Arrival raised around $ 660 million through its March public offering and built two factories in the United States: one in North Carolina making vans for United Parcel Service, its largest customer to date, and another in Carolina of the South which will manufacture buses. In addition, it is building a factory in Spain. Abelson said Arrival will announce more factories later this year.

Arriving’s first micro-factory in Bicester, England, will serve as a model for other factories. The lack of a paint shop is just one of the ways the company will avoid the big ticket items that have traditionally defined automotive production.

The startup’s engineers built molds for plastic body panels costing thousands of dollars compared to the millions of dollars needed for a traditional metal die. Arrival engineers also designed their own molding machines.

Abelson said Arriving needed around 70 robots per micro-factory, and the startup only purchased generic robots commonly used from long-time auto industry suppliers Kuka and Italy’s Comau – avoiding expensive robots made to order. Comau is owned by the automaker Stellantis.

Robots are programmed to perform double or triple tasks. In a large traditional auto factory, if you need to apply adhesive at different points during assembly, you add more adhesive stations along the line to produce one vehicle per minute.
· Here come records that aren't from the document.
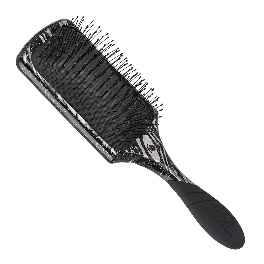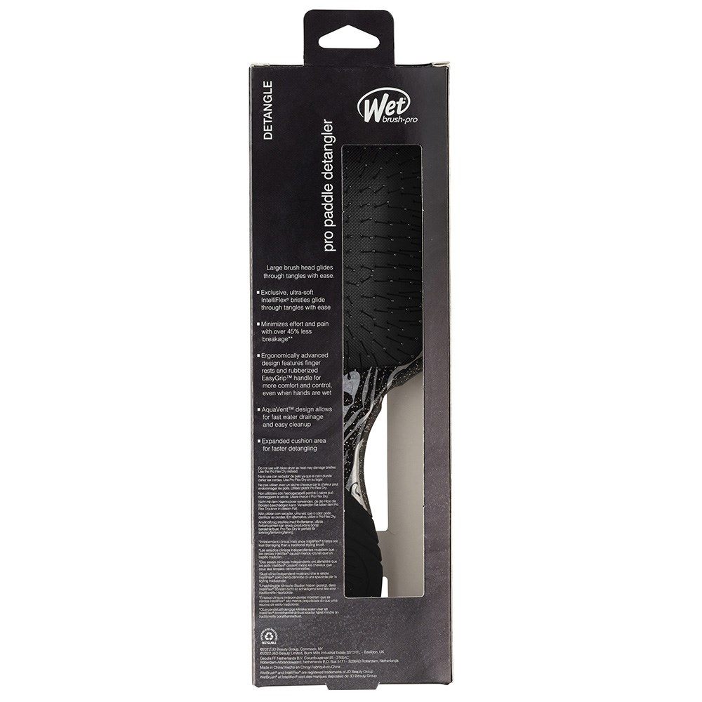 The innovative way to speed up blow-drying time. WetBrush Pro Paddle Sparkle Detangler Hair Brush Charcoal is redesigned by stylists for stylists, this brush helps hair stay strong and healthy-looking. Exclusive IntelliFlex bristles loosen knots and tangles on wet or dry hair, without pulling or snagging. Ergonomically advanced design features finger rests and rubberised EasyGrip handle for more comfort and control, even with wet hands. With vibrant, abstract pattern, this is truly an inspiring detangler.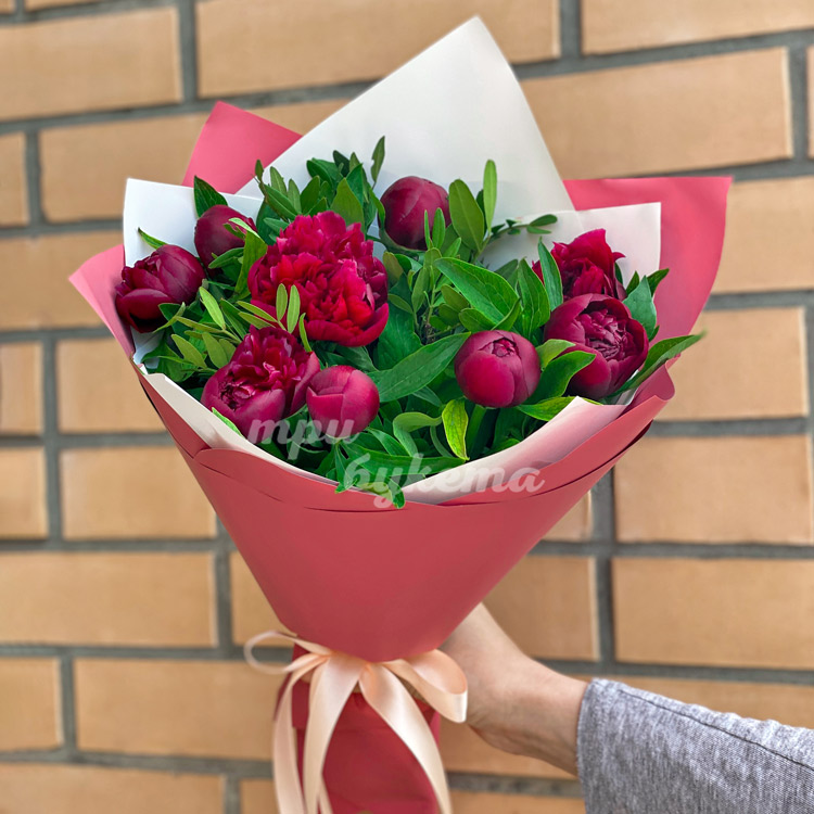 Букет из 9 бордовых пионов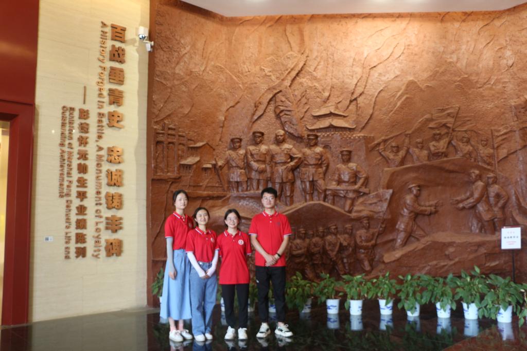 23日上午9点,团队成员们到达彭德怀元帅故居,主要参观了彭德怀纪念馆、彭德怀故居以及铜像广场等地。彭德怀故居位于湖南省湘潭县乌石镇乌石村石峰下,依山而建,与彭德怀铜像遥相呼应。纪念馆采用中国传统庭院式布局,围绕序厅,疏密有致地设立了4大展厅共8个展室。序厅为一个宽敞的八边形,正墙由三组红色高浮雕组成,分别表现的是:血战罗霄、百团大战、抗美援朝。正中一座半身圆雕,塑造了解放战争中的彭德怀。侧面是两幅壁画,主题为“致力于军队革命化、正规化建设”、“和人民群众心连心”。整个序厅以极富感染力的艺术作品,高度浓缩再现了彭德怀史诗般的英雄业绩和伟大的人格魅力。纪念馆陈列分4个部分,共20个章节,用了300多张照片和一大批珍贵艺术展品,采用了声、光、电等多种表现手段,生动、艺术地再现了彭德怀伟大、光辉、战斗的一生。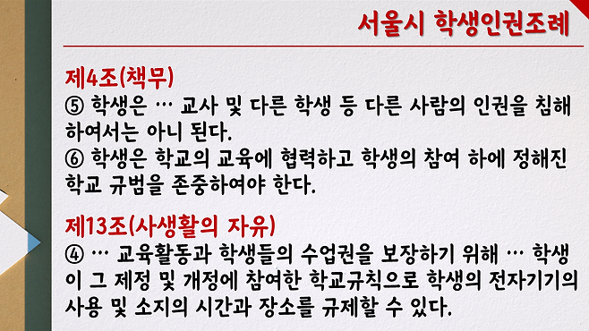 학생인권조례에는 교사를 비롯해 타인의 인권을 훼손하면 안 된다는 책무, 학교 규범 준수 의무, 휴대전화 사용 제한 절차와 같은 규정도 동시에 존재하고 있습니다. 그렇다면, 학생인권조례의 특정 문구를 있는 그대로 볼 게 아니라, 여러 조항들의 의미를 종합적으로 바라봐야 한다는 것을 아이들과 학부모에게 명확히 알릴 필요가 있습니다.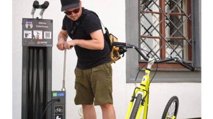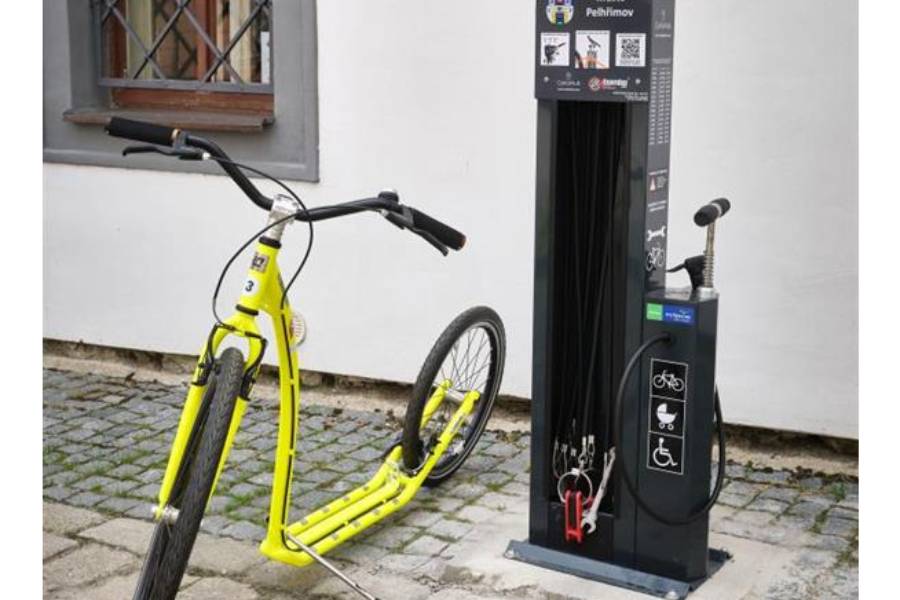 PELHŘIMOV – Zájem o cyklistiku v Pelhřimově, ale i v jeho okolí narůstá. Ve městě proto přišli s nápadem zřídit speciální servisní stanici. Nachází se u Masarykova náměstí a cyklisté si zde mohou podle potřeby provést kontrolu kola a jeho základní servis.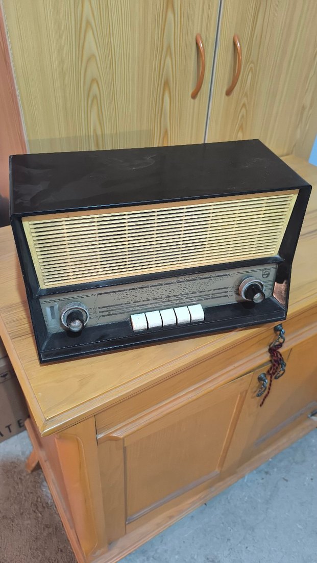 Philips Antika Tüplü Transistörlü Radyo. Arka kapak yok. Bir yan tarafında çatlak var. Tüm tüpler yerinde fişe takınca tüpler çalışıyor.

But in the Arriving micro-factory, there will be an adhesive station and self-contained, in-house-designed wheeled robots will haul a chassis back and forth throughout the assembly process.
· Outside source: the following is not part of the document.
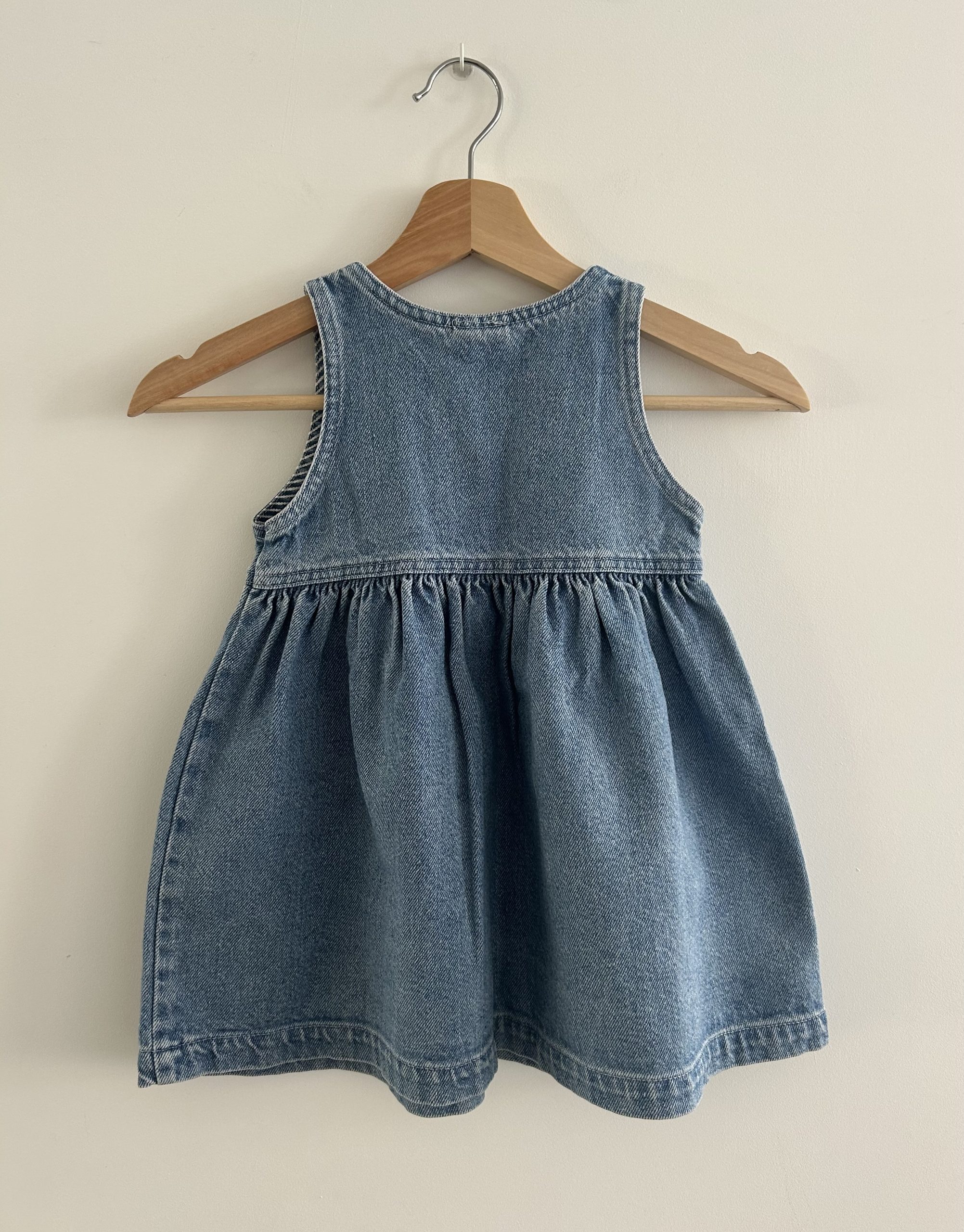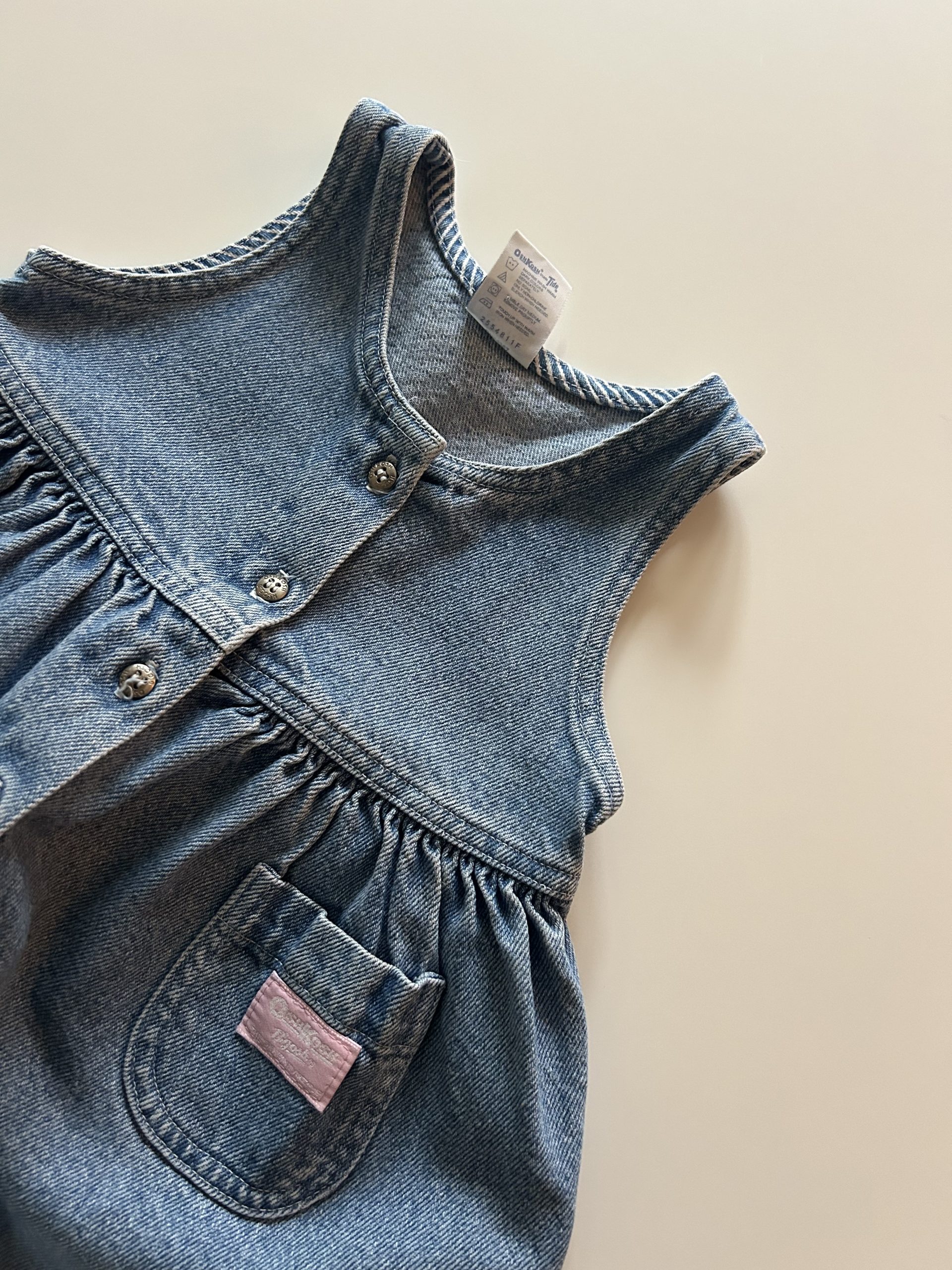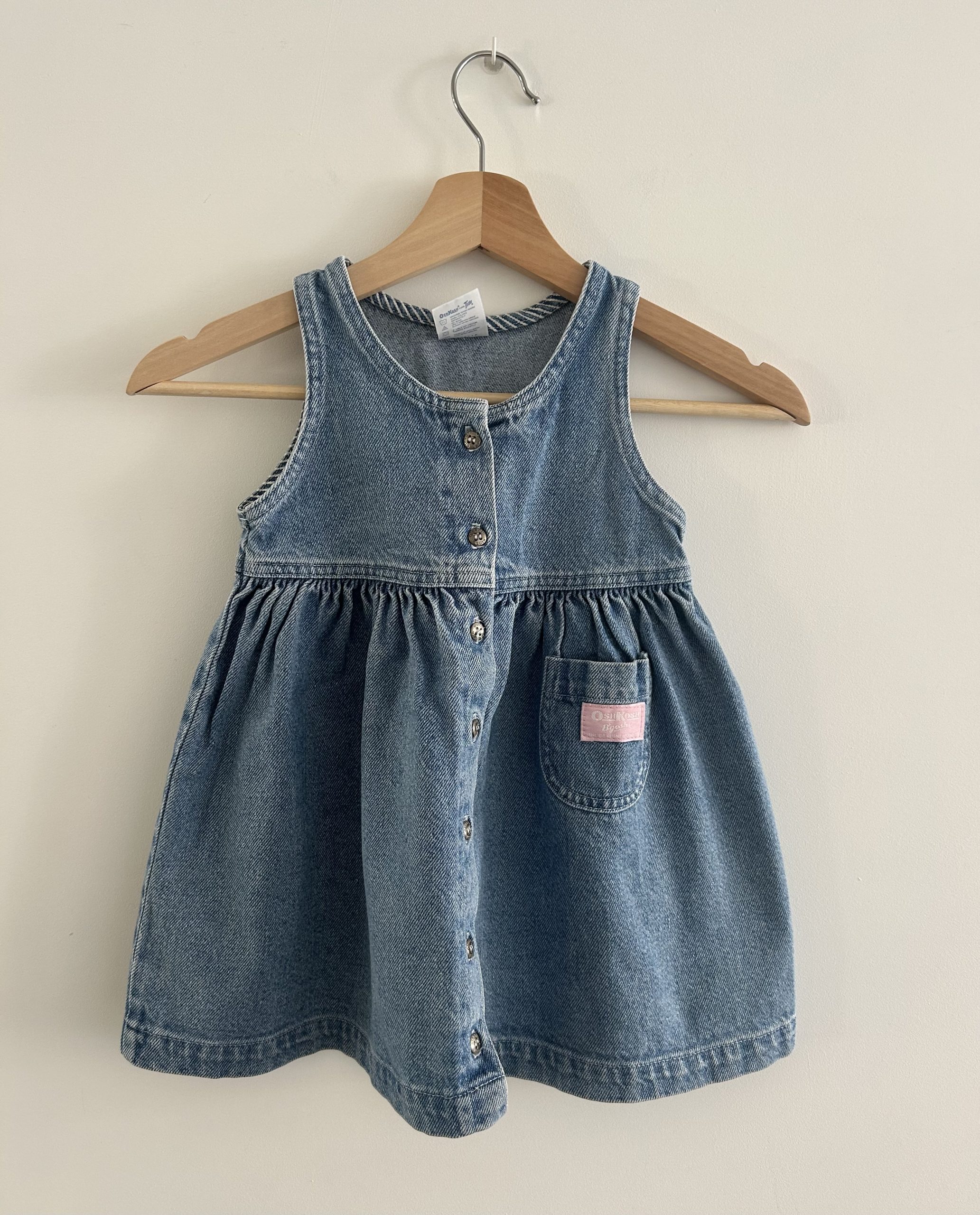 Beauty! Oshkosh denim dress met roze patch en in een medium wash. Hele mooie, stevige kwaliteit. Made in USA. Maatlabel: 3T (2 jaar)

Getting small means Arriving can commit to 10,000 vans per year per plant instead of 100,000, says Abelson. Each micro-factory will create around 250 jobs, far from the thousands created by a large car factory in the past.
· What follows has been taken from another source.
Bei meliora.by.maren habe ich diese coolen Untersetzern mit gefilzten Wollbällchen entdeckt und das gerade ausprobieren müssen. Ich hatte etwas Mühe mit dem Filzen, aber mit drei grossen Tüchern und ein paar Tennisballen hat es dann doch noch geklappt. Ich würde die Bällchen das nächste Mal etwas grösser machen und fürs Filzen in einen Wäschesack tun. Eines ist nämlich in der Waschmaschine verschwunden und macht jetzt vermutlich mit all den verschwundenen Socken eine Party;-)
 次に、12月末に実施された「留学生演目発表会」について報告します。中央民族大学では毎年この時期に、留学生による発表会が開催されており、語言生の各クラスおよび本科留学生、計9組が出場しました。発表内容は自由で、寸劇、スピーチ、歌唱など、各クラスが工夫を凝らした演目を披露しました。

“This means that if a factory is not functioning, it is not a disaster for the local economy,” said Abelson. “The closure of a large auto plant is a big hole to fill.”

Electric vehicle maker Canoo has adopted a strategy similar to that of Arrival. But CEO Tony Aquila said Canoo would build a “mega-micro” to serve as a hub for future smaller factories.

Electric Last Mile Solutions plans to launch a small electric van in the United States later this year and, as a first step, will assemble pre-finished vehicles made in China at a former GM plant in Mishawaka, Indiana, adding new ones. seat belts and other safety devices to comply with US regulations.

CEO James Taylor said it would initially save hundreds of millions of dollars on stamping dies and welding equipment in body shops. As revenues increase, it will incorporate more American coins over time.

“We’re going to be working backwards, adding more and more local content as we go,” Taylor said.

Other startups are outsourcing manufacturing to cut costs.

Tel Aviv-based REE Automotive Holding is looking into deals with American Axle and Mitsubishi Motors to help build its electric platforms for large-scale delivery vehicles and passenger vehicles.

“The biggest challenge for new players like us is ultimately that you have to manufacture at the automotive scale and at the automotive scale,” said Daniel Barel, CEO of REE Automotive. “With us, everything is already happening at the automotive level because it’s American Axle or Mitsubishi.

REE and Fisker have also both teamed up with Canadian supplier Magna International to build their electric vehicles, while Fisker has a similar deal with Foxconn Technology of Taiwan.

Contract manufacturing agreements reduce up-front costs, in exchange for Magna or Foxconn taking reduced revenue and potential profits. Henrik Fisker, CEO of the EV startup that bears his name, said alliances should also help secure equipment and parts at a time when supply chains are harassed.

“Foxconn and Magna, they’ll get all the gear they need,” Fisker said. “They have the capital. They have the reputation. We are not here to set up our own factory in the desert.”